A nephew of Robert Clements, 1st earl of Leitrim, Clements had sat for County Leitrim as a supporter of the government from 1805-18. His father, Henry Theophilus Clements (1734-95), had been a professional soldier who represented County Leitrim and Cavan borough in the Irish parliament from 1769-95, and by 1785 had secured government positions worth £2,400 per annum. His grandfather, Nathaniel Clements (1705-77), had been ‘one of the most prominent politicians’ in Ireland and served as Irish vice-treasurer.
During his first period in Parliament Clements had voted consistently against Catholic claims and enjoyed mixed fortunes as a candidate for several ‘lucrative revenue places’. Having declined a place on the Dublin Castle staff in April 1818, he was narrowly defeated at that year’s general election.
Clements’s younger brother, John Marcus Clements (1789-1833), had sat for County Leitrim as a Tory, 1820-6, 1830-2, and in August 1840 Clements was nominated by leading local Conservatives to a seat at County Cavan after the unexpected retirement of the sitting member, the Hon. Somerset Maxwell.
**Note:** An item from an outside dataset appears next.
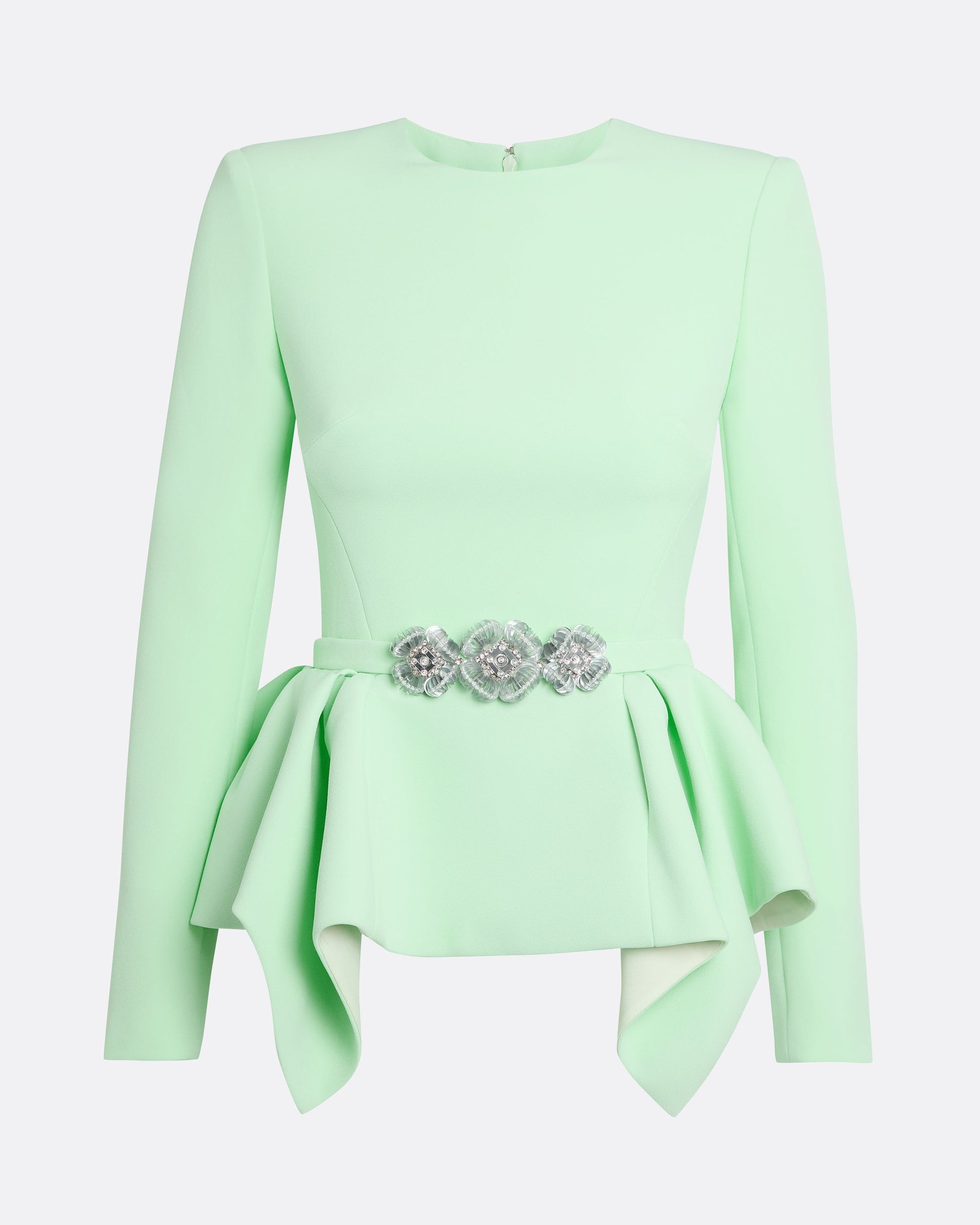 From the Autumn Winter '25 collection, the Midori top in brook green captures light through precise lines and sculptural volume, shaped to accentuate movement with a refined sensibility.

It was anticipated that Clements would return to the House as ‘a consistent supporter of every measure calculated to resist democracy on the one hand, and Popish aggression on the other’.
Clements sat across the House from his kinsman, William Sydney Clements, who represented County Leitrim as a Whig from 1839 until he succeeded as the 3rd earl of Leitrim in 1847.
Clements died suddenly of apoplexy at his Cavan residence in January 1843. He was buried in the family vault at Ashfield Church ‘amid an immense assemblage of the gentry and yeomanry of the county’, the coffin being borne by Lord Farnham and other leading members of the gentry.